In this paper, we
propose a new mathematical optimization
approach
to make decisions on the optimal design of the complex logistic system
required to produce biogas from waste. We provide a novel and flexible
decision-aid tool that allows decision makers to optimally determine
the locations of different types of plants (pretreatment, anaerobic
digestion, and biomethane liquefaction plants) and pipelines involved
in the logistic process, according to a given budget, as well as the
most efficient distribution of the products (from waste to biomethane)

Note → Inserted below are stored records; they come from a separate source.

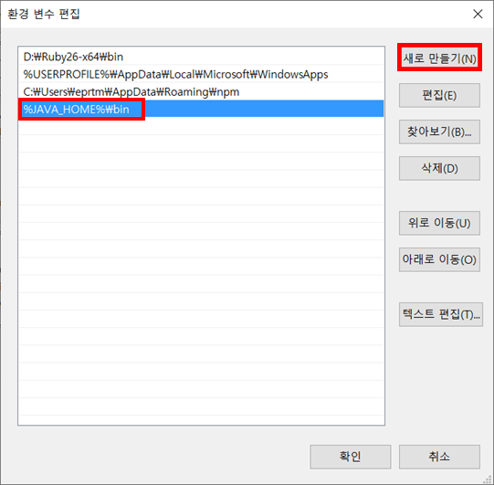 새로 만들기 > %JAVA_HOME%\bin 입력 > 확인
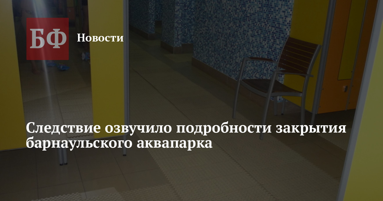 По словам г-на Долгалева, работа барнаульского аквапарка была приостановлена не только по требованию следственного управления, но и из-за претензий Роспотребнадзора. Медицинский кабинет в заведении не был лицензирован, что является грубым нарушением. При этом пользователи форума «Материнство» утверждают, что таковой в здании отсутствует вовсе.
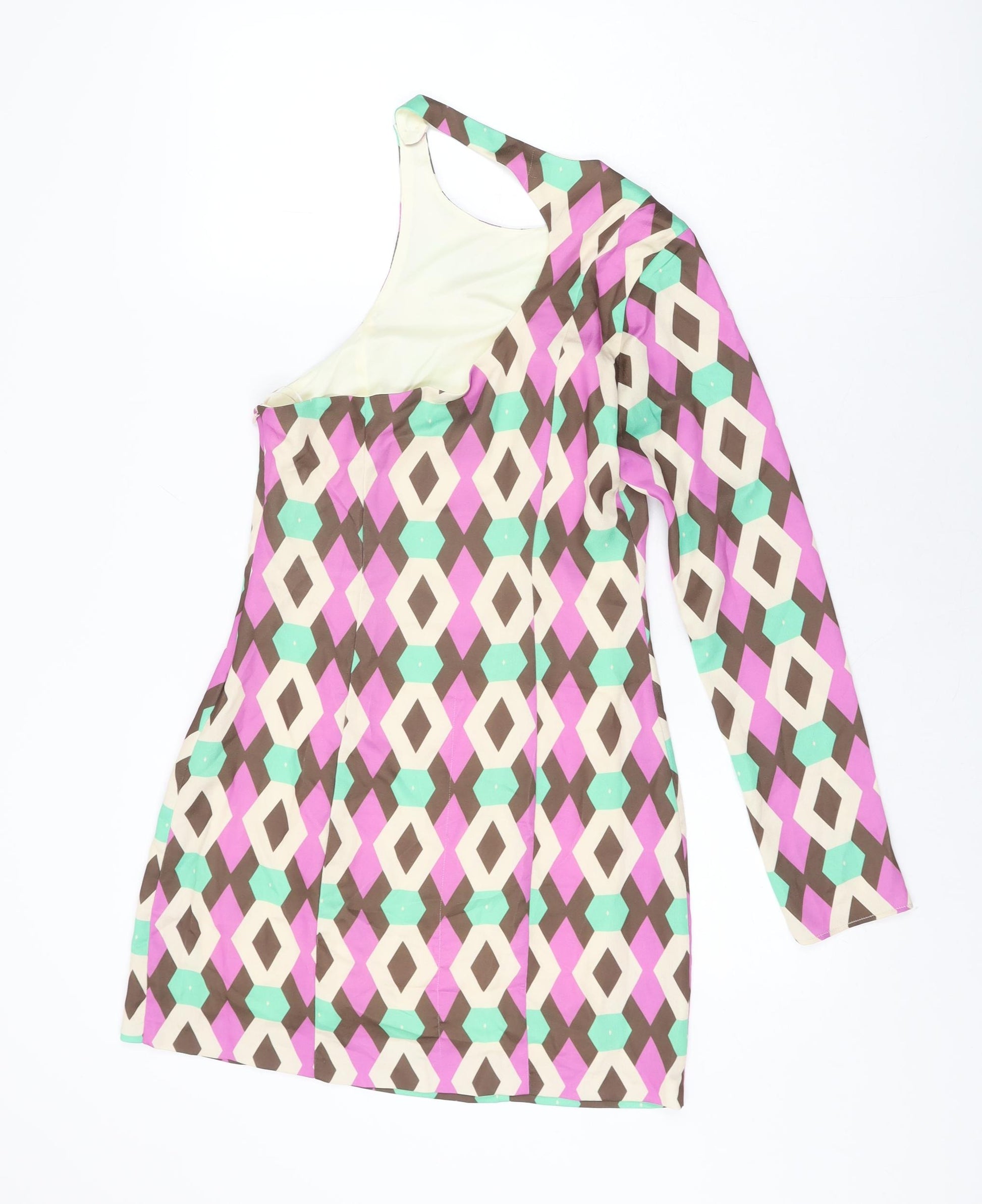 Womens Multicoloured Geometric Polyester Mini Size XS One Shoulder Zip

along the supply chain. The method is based on a mathematical optimization
model that we further analyze and that, after reducing the number
of variables and constraints without affecting the solutions, is able
to solve real-size instances in reasonable CPU times. The proposed
methodology is designed to be versatile and adaptable to different
situations that arise in the transformation of waste to biogas. The
results of our computational experiments, both in synthetic and in
a case study instance, prove the validity of our proposal in practical
applications. Synthetic instances with up to 200 farms and potential
locations for pretreatment plants and 100 potential locations for
anaerobic digestion and biomethane liquefaction plants were solved,
exactly, within <20 min, whereas the larger instances with 500
farms were solved within <2 h. The CPU times required to solve
the real-world instance range from 2 min to 6 h, being highly affected
by the given budget to install the plants and the percent of biomethane
that is required to be injected in the existing gas network.